7 Art. 1 Abs. 1 des Protokolls 2 über die einheitliche Auslegung des [Lugano‑II‑]Übereinkommens und den ständigen Ausschuss bestimmt:

„Jedes Gericht, das dieses Übereinkommen anwendet und auslegt, trägt den Grundsätzen gebührend Rechnung, die in maßgeblichen Entscheidungen von Gerichten der durch dieses Übereinkommen gebundenen Staaten sowie in Entscheidungen des Gerichtshofs der Europäischen Gemeinschaften zu den Bestimmungen dieses Übereinkommens oder zu ähnlichen Bestimmungen des Lugano-Übereinkommens von 1988 und der in Artikel 64 Absatz 1 dieses Übereinkommens genannten Rechtsinstrumente entwickelt worden sind.“

BrüsselIVerordnung

8 Art. 23 Abs. 1 und 2 der Brüssel‑I‑Verordnung bestimmt:

„(1) Haben die Parteien, von denen mindestens eine ihren Wohnsitz im Hoheitsgebiet eines Mitgliedstaats hat, vereinbart, dass ein Gericht oder die Gerichte eines Mitgliedstaats über eine bereits entstandene Rechtsstreitigkeit oder über eine künftige aus einem bestimmten Rechtsverhältnis entspringende Rechtsstreitigkeit entscheiden sollen, so sind dieses Gericht oder die Gerichte dieses Mitgliedstaats zuständig. Dieses Gericht oder die Gerichte dieses Staates sind ausschließlich zuständig, sofern die Parteien nichts anderes vereinbart haben. Eine solche Gerichtsstandsvereinbarung muss geschlossen werden

a) schriftlich oder mündlich mit schriftlicher Bestätigung,

b) in einer Form, welche den Gepflogenheiten entspricht, die zwischen den Parteien entstanden sind, oder

c) im internationalen Handel in einer Form, die einem Handelsbrauch entspricht, den die Parteien kannten oder kennen mussten und den Parteien von Verträgen dieser Art in dem betreffenden Geschäftszweig allgemein kennen und regelmäßig beachten.

(2) Elektronische Übermittlungen, die eine dauerhafte Aufzeichnung der Vereinbarung ermöglichen, sind der Schriftform gleichgestellt.“

BrüsselIa-Verordnung

9 Die Brüssel‑I‑Verordnung wurde durch die Verordnung (EU) Nr. 1215/2012 des Europäischen Parlaments und des Rates vom 12. Dezember 2012 über die gerichtliche Zuständigkeit und die Anerkennung und Vollstreckung von Entscheidungen in Zivil- und Handelssachen (ABl. 2012, L 351, S. 1, im Folgenden: Brüssel‑Ia-Verordnung) aufgehoben.

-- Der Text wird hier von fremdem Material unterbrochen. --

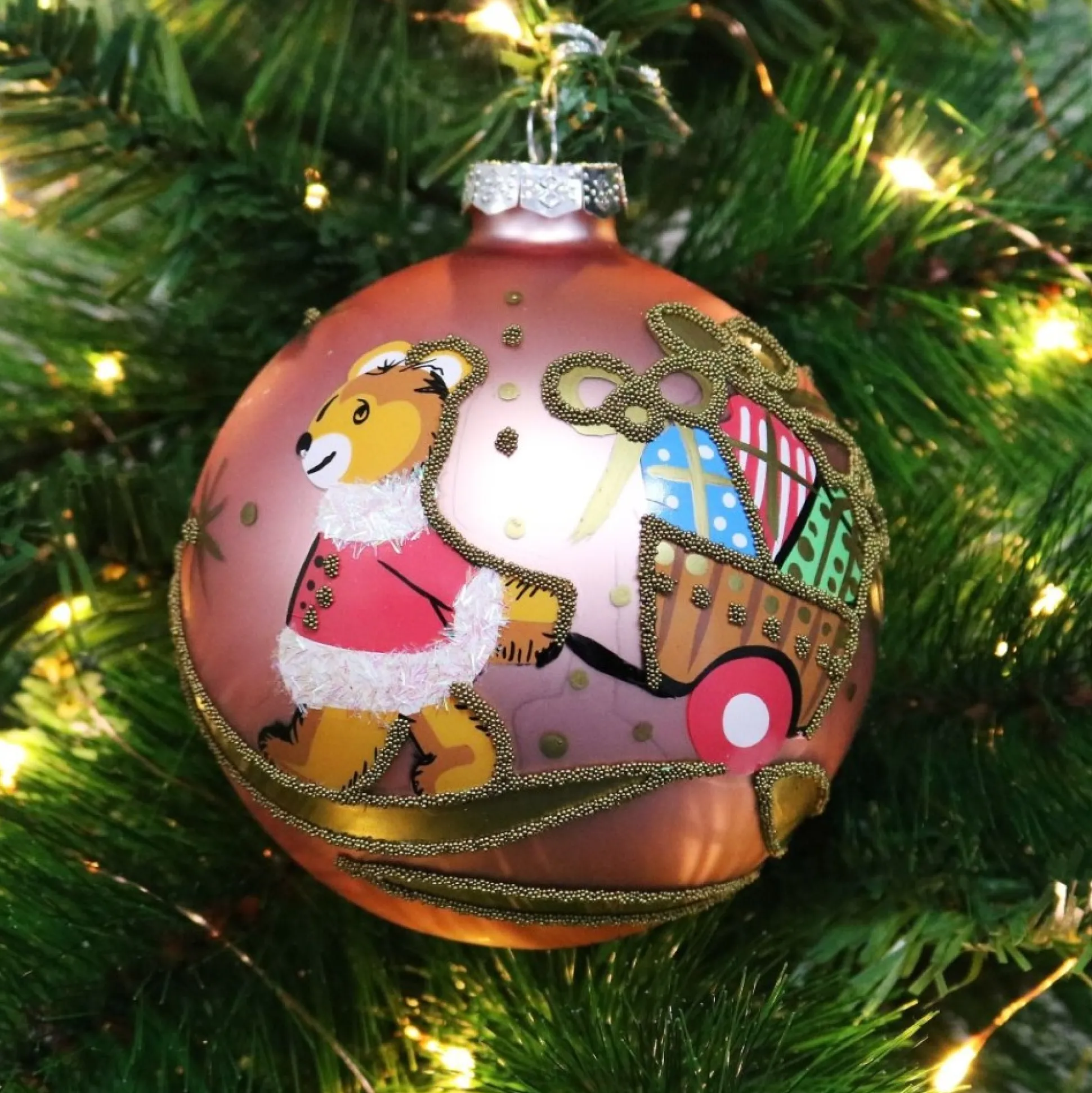 Create Unique And Memorable Keepsakes This Christmas With This Pink Christmas Bear With Cart Bauble. Crafted From Seamless, High Quality Coloured Pink Glass With A Matt Finish, This Bauble Features A Delightful Christmas Bear Design With Glitter Embellishments. It Also Has A Metal Top And Metallic String, Ready To Hang On Your Tree. Bauble Can Be Personalised With A Name Of Your Choice In Our Unique Style Of Glitter Calligraphy.

10 Art. 25 („Vereinbarung über die Zuständigkeit“) der Brüssel‑Ia-Verordnung in deren Kapitel II („Zuständigkeit“) lautet:

„(1) Haben die Parteien unabhängig von ihrem Wohnsitz vereinbart, dass ein Gericht oder die Gerichte eines Mitgliedstaats über eine bereits entstandene Rechtsstreitigkeit oder über eine künftige aus einem bestimmten Rechtsverhältnis entspringende Rechtsstreitigkeit entscheiden sollen, so sind dieses Gericht oder die Gerichte dieses Mitgliedstaats zuständig, es...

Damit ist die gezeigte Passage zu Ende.